If you’re heading to the L.A. County Fair—or any county fair, really—there are certain things you probably expect to see. Fried twinkies, maybe. Or corn dogs. Perhaps a booth, inside of which you can throw sharp objects at moving targets in order to win a stuffed bear.
But at this month’s event, which will be held at the Fairplex in Pomona from September 4 – 27, attendees will encounter something distinctly un-fair-like. For the third year in a row, the fair’s producers teamed up with exhibit design company Stage Nine to put together a high-tech indoor installation, injecting the otherwise down-home fair with a patently modern flair. This year, the fair is hosting the world premiere of POPnology, a 10,000 square-foot traveling technological exhibit. POPnology illuminates the ways in which technology and culture have merged to revolutionize our daily lives (remember when you needed a separate video recorder, camera and phone?). Here are three things you can expect to see at the installation (and that you should probably try to avoid dripping your corn dog ketchup on):
Virtual Reality
Next year, the first consumer virtual reality headset—called Oculus Rift—will hit shelves. In advance of its mainstream launch, Oculus was made available to a small handful of companies, including Stage Nine. At next weekend’s fair, visitors can try out an Oculus headset and experience two different virtual reality scenarios. In one, you’re floating through space dodging asteroids. In the other, you’re riding a speeding elevator outside of a skyscraper—an elevator that has no walls.

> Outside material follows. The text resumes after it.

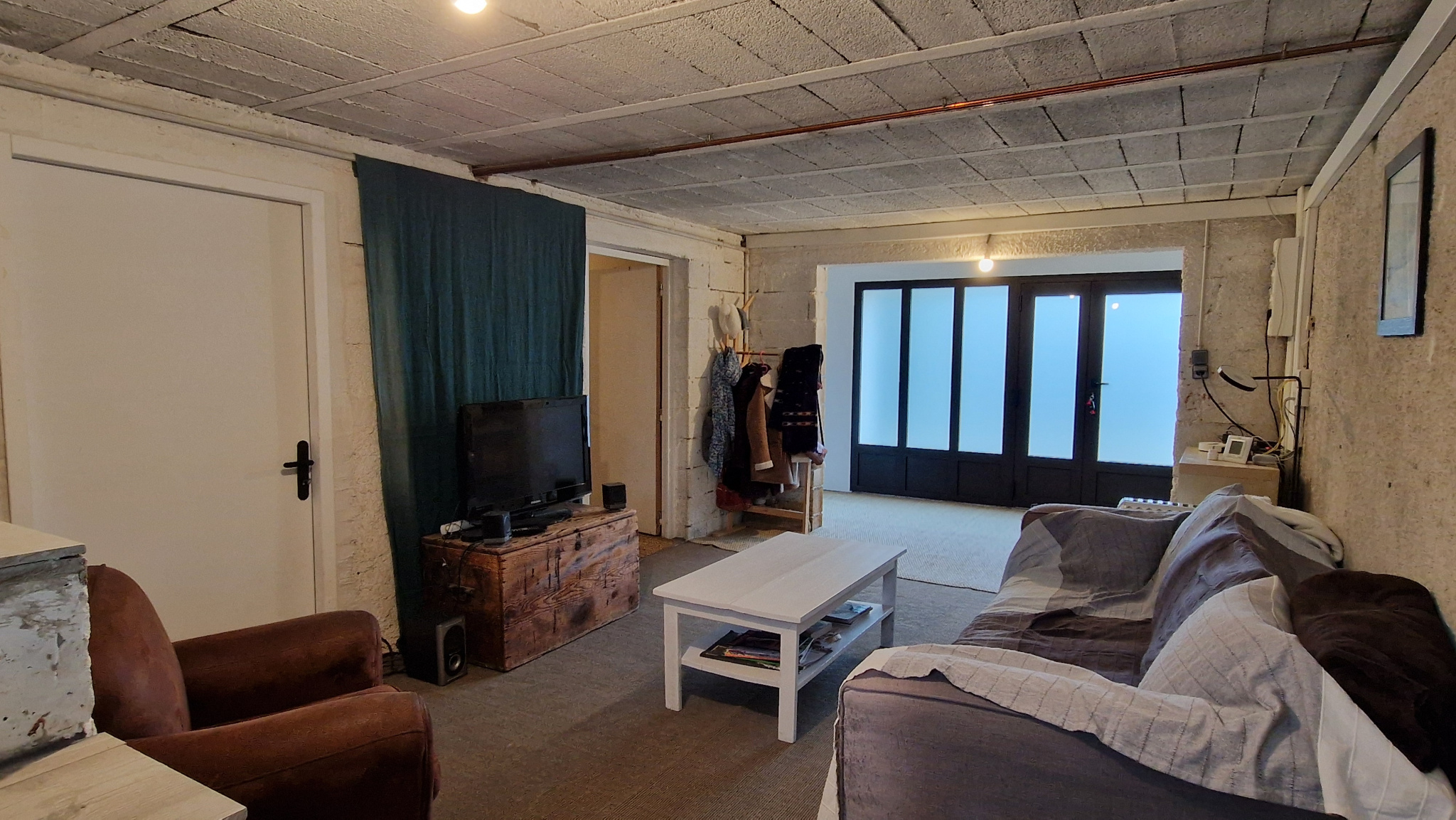 La maison se compose au RDC: D'une chambre de 25m2 + salle d'eau / wc attenant de 9m2, un salon d'appoint de 25m2, une buanderie / chaufferie de 13m2 et au 1er étage: d'un salon / salle à manger / cuisine de 28m2 donnant sur une terrasse, de trois chambres de 10 à 11.7m2, d'une salle d'eau et d'un wc

Robot Arms and Dinosaur Eggs
The scientists at POPnology have designed several remotely controlled robot arms, two with three fingers each and one with five. One of the arms picks up blocks, and another—in true Jurassic Park past meets not-so-distant-future form—picks up dinosaur eggs. The program even features a dinosaur parent who gets mad as you remove its spawn.
The DeLorean
Yes, THE DeLorean. Well—one of them. Five versions of the famous car were built for the filming of Back to the Future 2, in which our heroes head backwards in time in order to fix a very muddled present. The DeLorean will likely appeal to the 30-plus set, but kids might be interested to know that the film’s “future” happens to be set in the year 2015. The filmmakers “were predicting what year 2015 would look like” when they made the movie in 1989, says Michael Converse, one of the fair’s producers. “The fax machine was a big deal then, so they thought, ‘everyone will have a fax machine. Maybe we’ll pull paper off our wrists or something.’ Well…it just didn’t happen that way.”